TASK DETAILS: Go to the line with "參與者在祈福牆前留影,活動現" in the records below, then output it and each following line exactly, up to and including the line with "El evento será". Skip pictures and add nothing.

DATA:
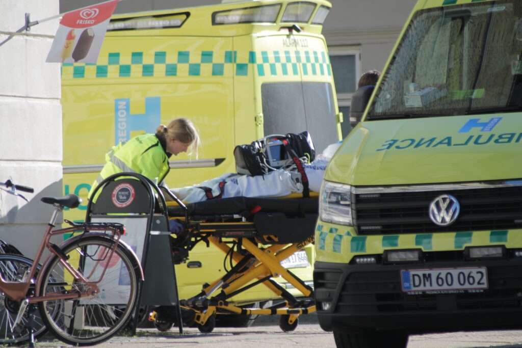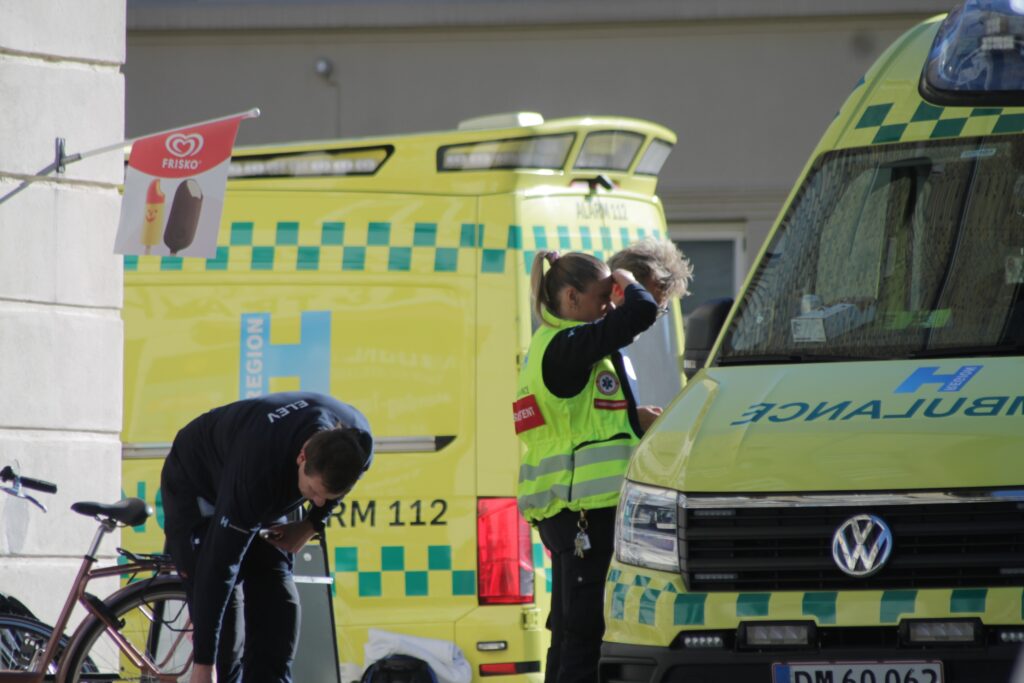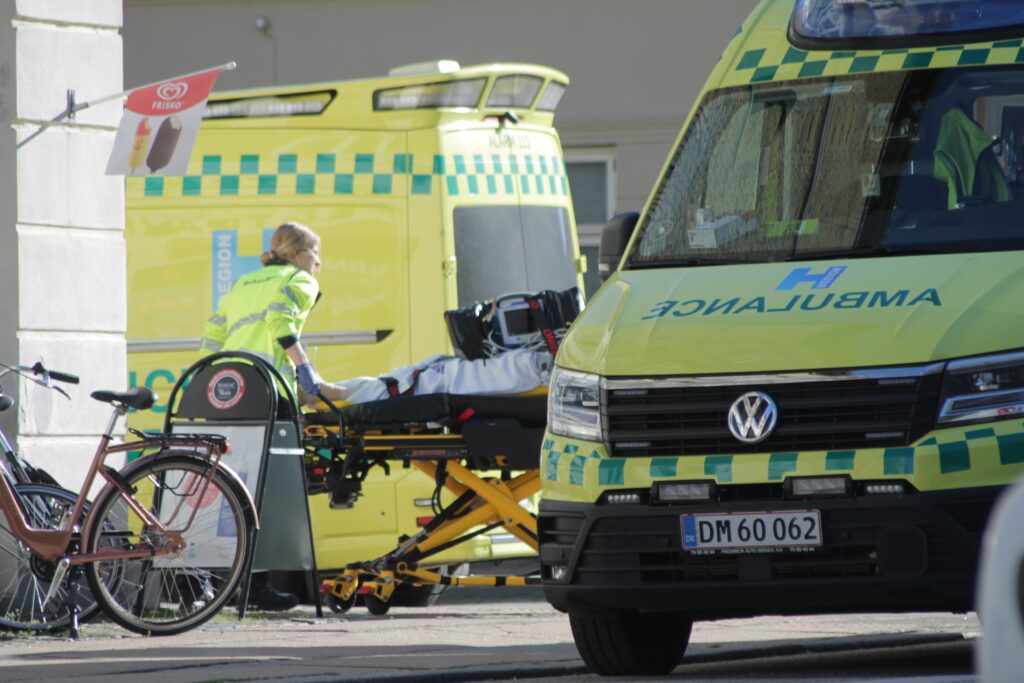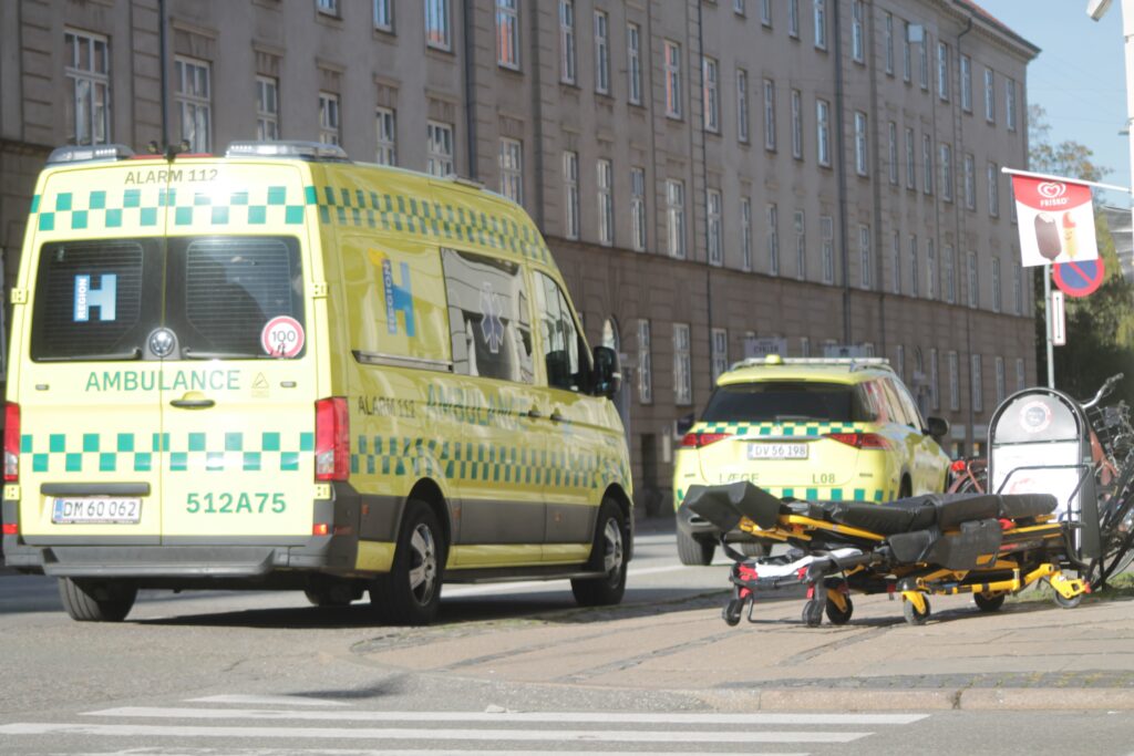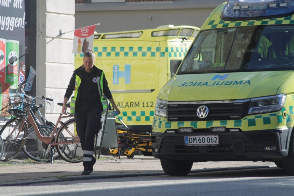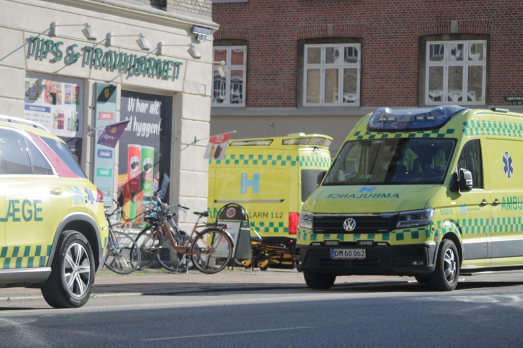 Ambulancen forlod stedet med blå blink og høj fart.
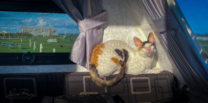 En moins de 10 minutes, Criquette est installée – libérée d’Henri, et Mado profite du chaud soleil de la baie. Toutefois les vents sont trop intenses pour qu’elle puisse marcher à la plage. Je dois tenir la porte de la roulotte à deux mains tant les vents sont violents!
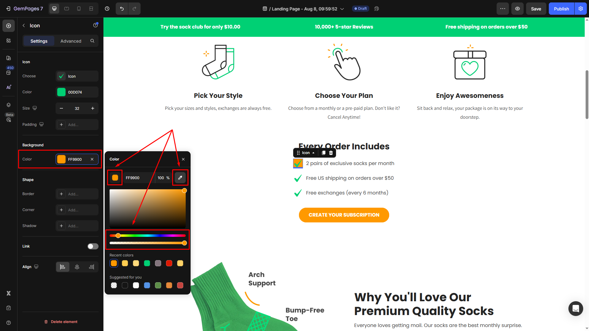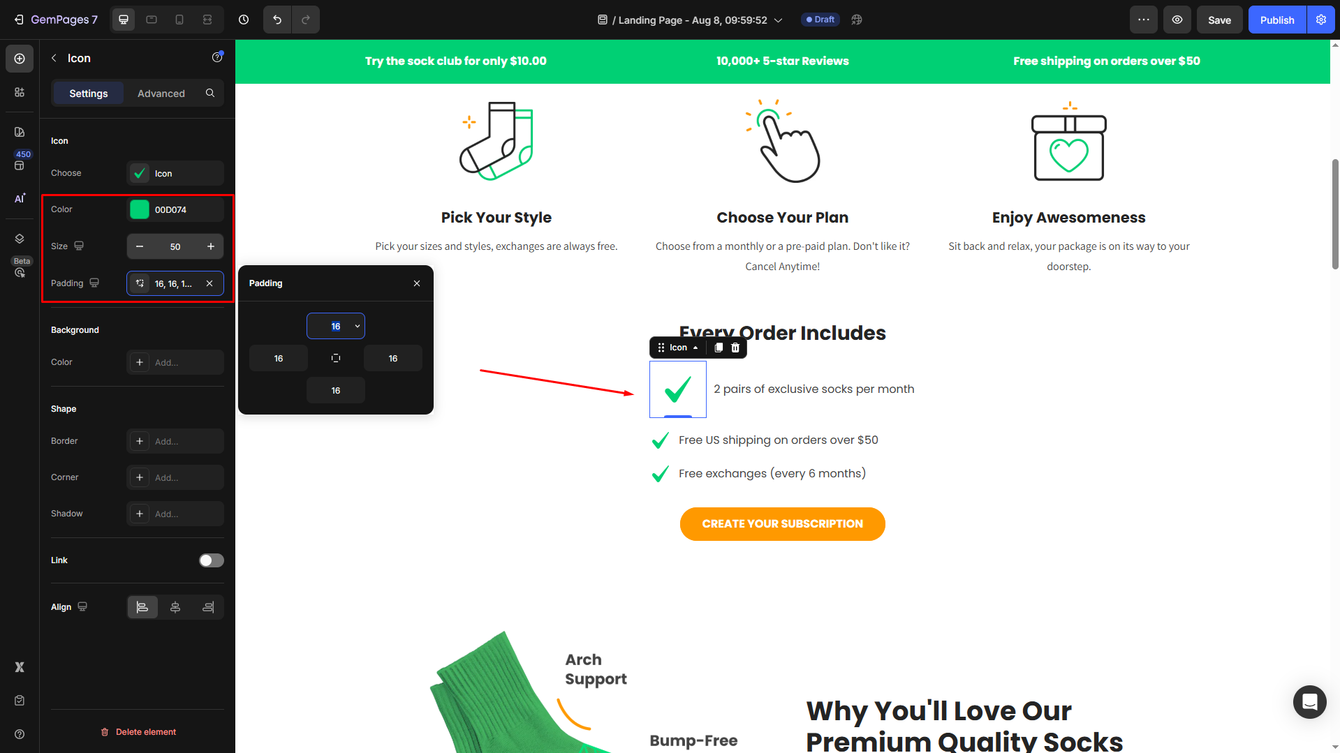 Then, change the icon color your way, and adjust the size and padding of the icon to align with your brand design.
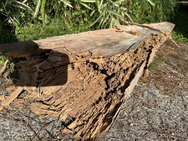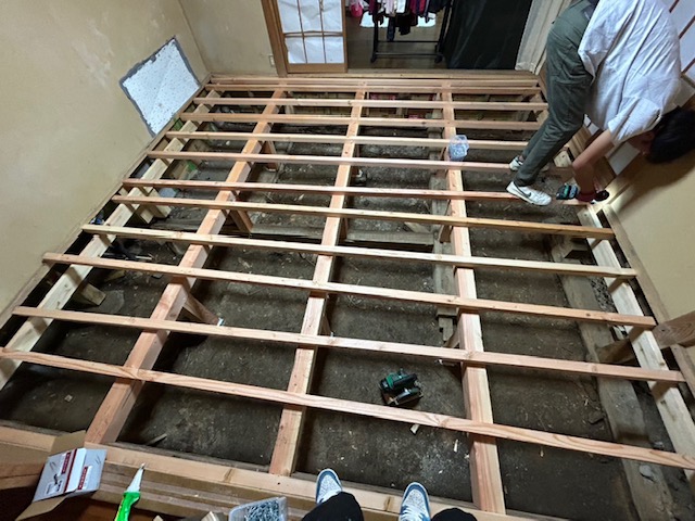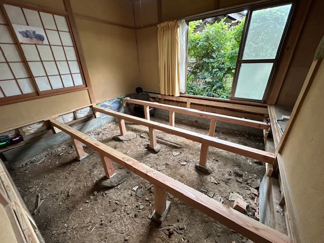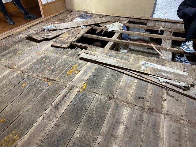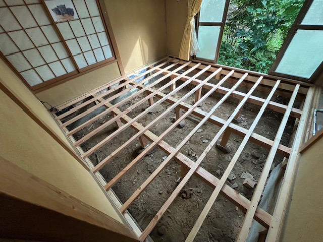 既存床材、根太、大引き、床束全てを解体して下地から造ります。解体すると「白アリ被害」が発見されましたので消毒を施して
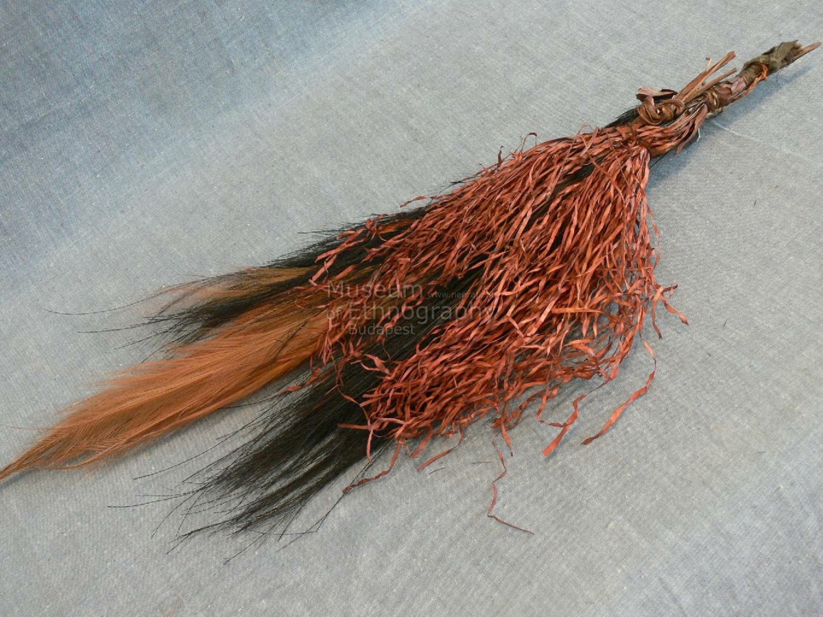Fapálcára erősített madártollcsokor. Középen narancssárga, körben fekete kazuártollakból áll, egyik oldalán pirosra festett hullámos növényi háncs szalagokból álló csokor egészíti ki. A fadarabot növényi rostokkal tekerték körbe, ráerősítve Bíró jegyzet száma: 543/e
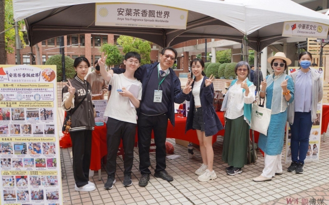 參與者在祈福牆前留影,活動現場熱鬧非凡,國際學生帶來史瓦帝尼、越南及馬來西亞的特色文化展覽,讓來賓感受多元文化魅力;草地音樂節更吸引大批師生與居民參與,共同在輕鬆氛圍中認識永續 教育的意義。
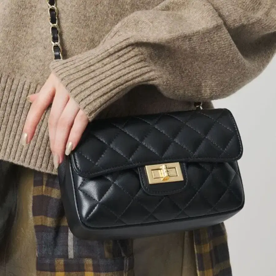 AULENTTI 가죽 퀼팅 체인 숄더백 black
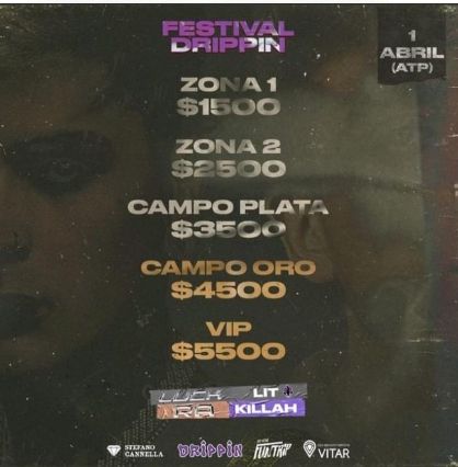 El evento será apto para todo público y los niños hasta 6 años no pagarán entrada. Los tickets se podrán adquirir por internet entrando a https://ticketpass.apphb.com/evento/755/festival-dripping-w-lit-killah// ; presencial en Stefano Canella Joyería ( sucursales en Rivadavia 98 y Las Heras 260 Ciudad, Mendoza) y Agencia Ceo Vitar Turismo ( Las Heras 627 Ciudad, Mendoza). Lit Killa es uno de los artistas del momento y trae a la provincia furores como “La Trampa es Ley” y “Pa Co”.
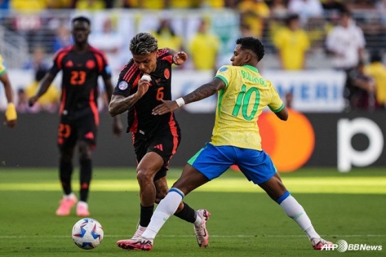 브라질은 3일(한국시간) 미국 캘리포니아의 리바이스 스타디움에서 열린 2024 코파 아메리카 D조 3차전에서 콜롬비아와 1-1로 비겼다.
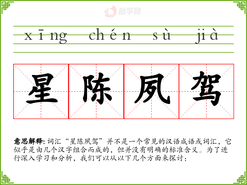由于“星陈夙驾”不是一个标准的词汇或成语,我们无法给出一个确切的字面意思和基本含义。它可能是某个特定文学作品中的创造性表达,或者是某个特定语境下的临时组合。
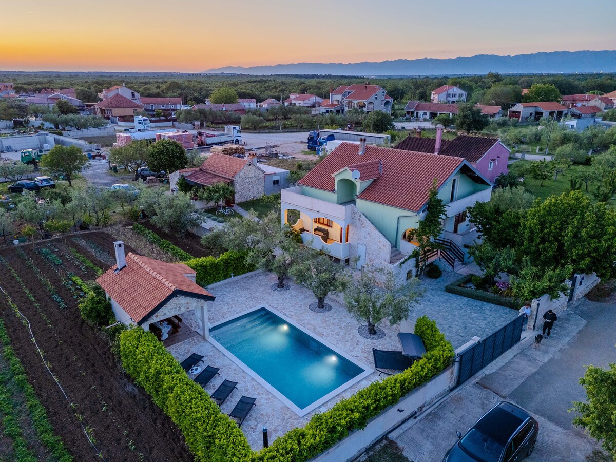 Authentic mediteran stone house with big heated Pool (30m2 with jacuzzi bench) in village near Zadar. Total area of land is 300m2 with private parking, garden,big heated pool,6 wooden sunbed and two big terasses with lounge .For fun there is billiard,table tenis,goal for fotball, picado. House is located in small village away from city noise. It has a beautiful open view on the nature and mauntines. You can enjoj at complete privacy. House is souranden by fields and you can see domestic animals
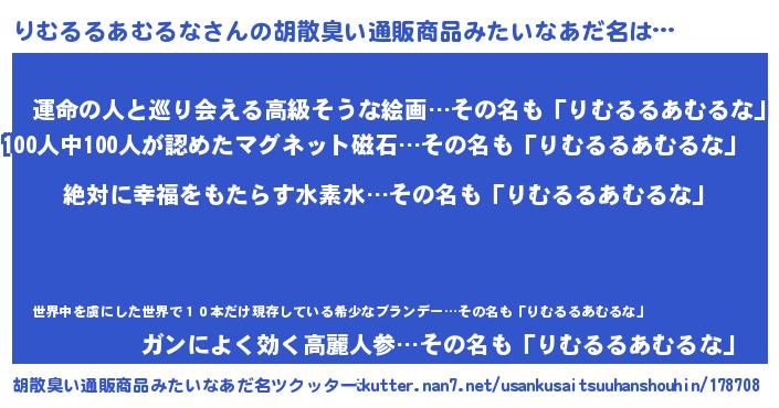 | ヘコむあだ名 | 『りむるるあむるな(遠い目)』『レバニラ』 |
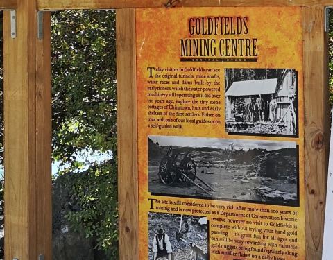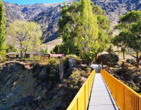 旧金矿位于去水果小镇的公路边上,有一座铁桥横跨卡瓦劳河,在桥上就能看见以前金矿所使用的设备和华工居住的工棚,现在金矿已经废弃,成为了一处遗迹展馆,顺路经过的可以进去看看。

ANSWER SPACE:
 參與者在祈福牆前留影,活動現場熱鬧非凡,國際學生帶來史瓦帝尼、越南及馬來西亞的特色文化展覽,讓來賓感受多元文化魅力;草地音樂節更吸引大批師生與居民參與,共同在輕鬆氛圍中認識永續 教育的意義。
 AULENTTI 가죽 퀼팅 체인 숄더백 black
 El evento será apto para todo público y los niños hasta 6 años no pagarán entrada. Los tickets se podrán adquirir por internet entrando a https://ticketpass.apphb.com/evento/755/festival-dripping-w-lit-killah// ; presencial en Stefano Canella Joyería ( sucursales en Rivadavia 98 y Las Heras 260 Ciudad, Mendoza) y Agencia Ceo Vitar Turismo ( Las Heras 627 Ciudad, Mendoza). Lit Killa es uno de los artistas del momento y trae a la provincia furores como “La Trampa es Ley” y “Pa Co”.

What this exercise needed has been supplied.